Prediction model results for all studies showing predictor coefficients (ordered by absolute value)
General Model Predictor | Predictor Coefficient | Predictor Type |
---|---|---|
Enrollment: 201+ | 1.207541 | categorical(3 values) |
Has_results: Yes | 0.977774 | binary |
Agency_class: Other | -0.617322 | categorical(4 values) |
Agency_class: U.S. Fed | -0.556474 | categorical(4 values) |
Phase: N/A | -0.396123 | categorical(7 values) |
Study_type Observational | -0.348703 | categorical(3 values) |
Enrollment: 51-200 | 0.325061 | categorical(3 values) |
Phase: 1/2 | -0.322666 | categorical(7 values) |
Agency_class: NIH | 0.296163 | categorical(4 values) |
Phase: 1 | 0.248599 | categorical(7 values) |
Phase: 2/3 | -0.245158 | categorical(7 values) |
Phase: 3 | 0.227539 | categorical(7 values) |
Study_type: Observational [Patient Registry] | -0.142474 | categorical(3 values) |
Phase: 4 | -0.125912 | categorical(7 values) |
Phase: 2 | -0.104619 | categorical(7 values) |
Start_date | -0.071769 | continuous |
Agency_class: Industry | 0.031220 | categorical(4 values) |
Enrollment: 1-50 | -0.011347 | categorical(3 values) |
To assess the predictors, the absolute value indicates its importance in the overall model. The positive sign of a predictor indicates higher probability of IPD sharing whereas negative sign indicates lower probability. Table 2 shows that the highest positive predictor is study size (studies with 201+ participants; coefficient 1.2) The second highest positive coefficient overall (has_results: Yes) was if the study has basic summary results deposited in CTG results registry. The highest negative predictors are sponsor types (categorized under Agency_class) of Other and U.S. Federal Agency. Outside of these sponsor types the two predictors with the largest negative coefficients, indicating a lower probability of sharing IPD were an observational study type and if the phase is listed as N/A, which includes studies on devices and behavioral interventions. While study type did not have as large an effect as other analyzed predictors on whether a study would share, observational studies and patient registries do have a negative effect on the probability of a study sharing.

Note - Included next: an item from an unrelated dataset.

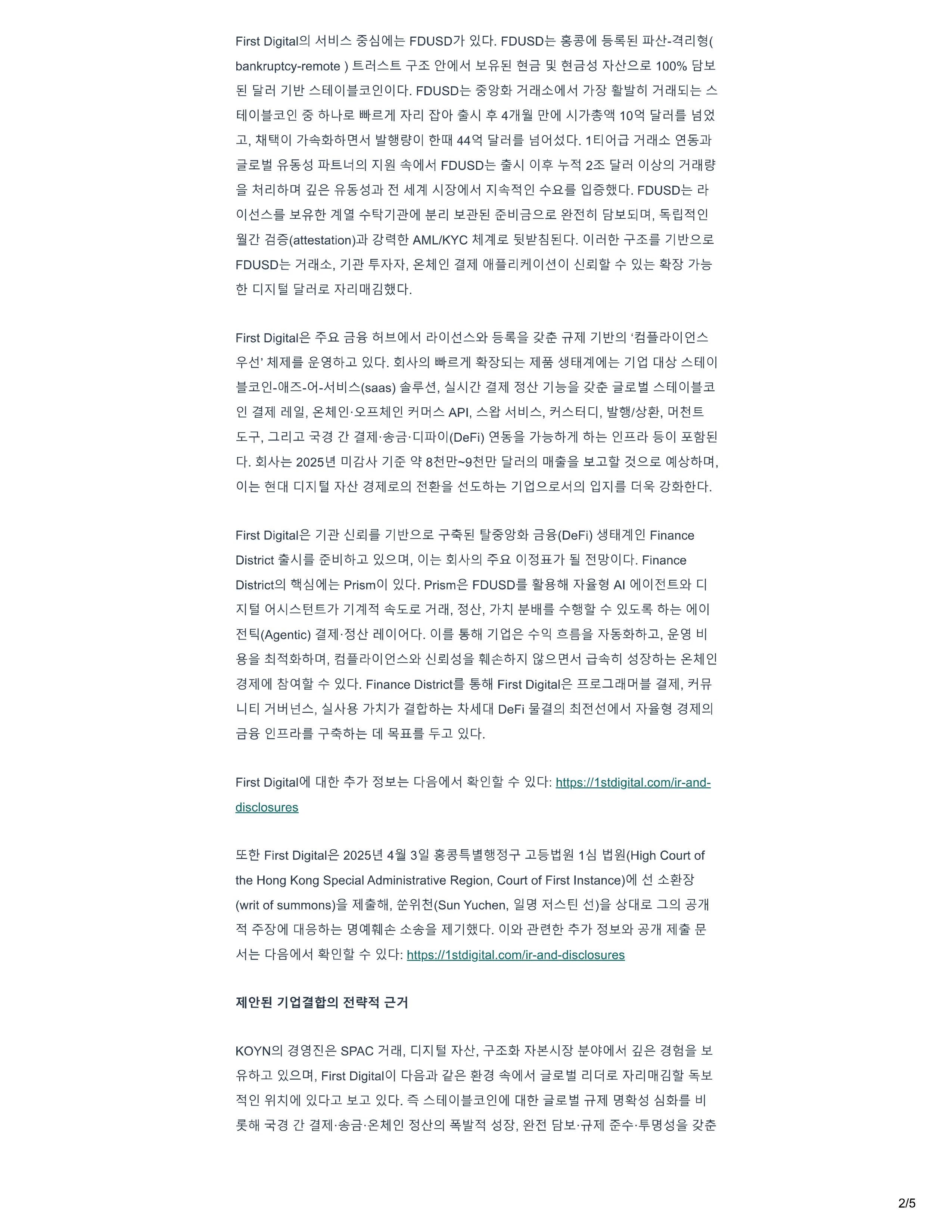 F i rst Dig i tal A i 1::11 , g Ol l - e FDUSD7t q . FDUSD - E , 8 0 I I - † - 'El .II/ - H - 2.l! I ( bankruptcy - remote ) . † .2 . i . † . ;i OII A i .s!. - R -- S - a - - a - ii JCtH2£ 100% 8 " .s!. 2 /5 @ cl }I'll" E 1 1 0 1 5:!.<2.101 q . FousDe ,g li211 “ <>1 1 A 1 7t ol l - 1211£ 1 - e EJIO l 5:!.<2.! 5•Lt£ 111t.sJll xt2 . 1 ot Al $ 4}H'f!! Oii Al7t QJI 10Qj cl 'a S?t j]_. lfill OI 7t i' l .. A i ieJ'OI !QI 44Qj cl 'a<>i q , 1 El<>i - a l - 1211 “ '2!.g_jJ_t Al OI - 'f - 2 cl O l .21 l - J211ia' £ - R - % .II/ - . † .l=t Dj .g - R - .g Xlf:! <>I I A i FDUSD - E <2.! + R 1::11 - a - 2£ ff i D - E ol 8".!i!.£1 Dj, - &El C2! 01 * .!i!..ff. ) I I ?'97lt!!"OI I {E2 . l .!i! . @ ill! - ( attestation ) .i!I - AM U KYC ; 1 1 ; 1) 1 1£ @q_ 0 1 2:J T 7l'll ƒ 2£ FousD - e lic!fl “ . 71 - £1 - !j.7 - txL g .A i 1 C2J 1 1 ou 2 . 17 1 101 - t::101 i ! £J W - + . . e 1 m 7t"5" q 7 q 'i1 "gcl£ JCt2 . 1 orn q . F i rst Dig i ta l . g - ?R - a -- 8 - oj.!:!.<>II A i 2.tOl 2t - † - s!" iTJ; :1 1 } I 'll - 2 1 · 2.tOI£! [fjif E i lOI .5i! - · l l i l 5 jl 2L q . .2 . I N .21 Ui t .sJ l l £1 - E Jql EH ) ! IOll - e 71 5:!.42! - 0H - Oi - A i l::l l (saas) ti. 11All! - 42! - ?1!Jql el l . . g l42! · .2. E l42! Dj AP I , J ; 1 : 1 'aH }1"5"£ s!" £ E i lO l 5:!. A 11::11 . E i q, tiJ".e - , Dj £T, .:1.2.ljl l! - l i l · 'S' - a - · CIII.1 - 0l ( DeFi ) 121.g£ }t"B" i 'l JJI i'l•e 42!.!! .go1 €! q , At - e 2025't:! D l At 71 QJ' 8f ! - 9f!'t! ƒ 'g2 . i .21 DH .!;:! _ j]_ 3;!2£ Oll tDI. 01 - e cH qx 1 'i1 7 - tH ?sl - 1 1£ 2 1 ei - ,a. .£at - e 7 l 2 £ A 1 JCI c 1 q . F i rst Dig i ta l .g }1 - £1 - i!£! 7 1 'll - 2£ T 'El ,g - a - .g. ( DeFi ) EH ) l l42! F i nance District Al.;. l::lli' l j]_ 2L2DI, Ol - e At - ?R Ol'alE.7t - iii 'ltOI q , F i nance District Olle PrismOI 2L q . Pr i sm.g FDUSD it Jet Al OIIO l . † . !i!.t q 7 - l'il OiAl 'E! 7t 71) 1 1 .££ l - 1211. 'at l. ;1t;t1 1::1H + w - + 2L£ i!i•e o i 101 sl( Agentic ) Jql - H cJIOI O i q , 0 1 - e - H ; 1 1 . g +QJ - g xt% t.J!, .ff 2l 1::11 * ,a. tstDI. 2.to1 21 - i ! . s ;lii 11 atx1 PJ£1!! A 1 - a a 1 i i a• - e .g . 1 42! JqlOJI - eJ - Oj w - + q , F i nance D i str i ct.;. ,e - tH F irst D i g i ta l e .!!£.: L HDi l i l. i} L I El lil::IJ \ : ! . At - † - 7t;tl7t ah ;tt A i lCH DeFi - ?1!2 1 O I I A 1 JC t !I l i l.21 disclosures ! £ F i rst D i gita l . g 2025't:! 4i! 3 ,8 - @ T .J! - † - 1 {I (H i gh Court of the Hong Kong Spec i al Adm i nistrat i ve Region, Court of F i rst l nstance ) OII “ .et (wr i t of summons)£ A i l . 51 - l ( Sun Yuchen, J C i - ? Oii c u ?Ste 0 1 1 " 1 1 “ - * Ail7l q . 012.t - a - )£ iJ" [ H£ .:L t P H 9}t .!i!.21 - . 1 H 1q1 A i - E - q gOJ I A i 42! + S?J.q : httris : //1stdigital.com/ir - and - di sdosures KOYN ? H H J.g SPAC l i c!fl. Cl7 - I Je t . T “ 7 - H ·AI - N O O I I A i .g ? f .!;:!. - H - o jl 2L20I, F i rst D i gita l DI q g i!.t . g :@ OII A 1 £ 2.1 C:1£ JCt2 . 1arn - &.!i!. ¥J;t1 o i 1 qj]_ .s! _ j]_ suet. E 1 1 0 1 5:!.42!<>11 cH £'i!!. iTJql 1::11 off l! - l·'S' - a - · - 8X i l 'at l 5!1 - & i i . 8".s!. · i= r I + · i i £ s!"

In terms of terms of study sponsor, NIH sponsored studies are the most likely to share and has the highest positive effect of any sponsor type on the probability of a study sharing (0.296). The only other sponsor type with a positive effect on sharing is Industry (0.031). The other two sponsor types, U.S Federal agencies (non-NIH) and Other, had the greatest negative coefficients overall, indicating a significantly lower probability of IPD sharing by studies with these sponsors. Other, which includes foreign institutions, universities, hospitals and non-profit organizations, had the highest negative effect (-0.617) while U.S. Federal agencies, such as the VA and FDA had the second highest negative effect (-0.556). One surprise in the result or the coefficients of the predictor was that a study being phase 1 was not a negative predictor, but rather had the highest positive effect of any phase on the probability of a study sharing.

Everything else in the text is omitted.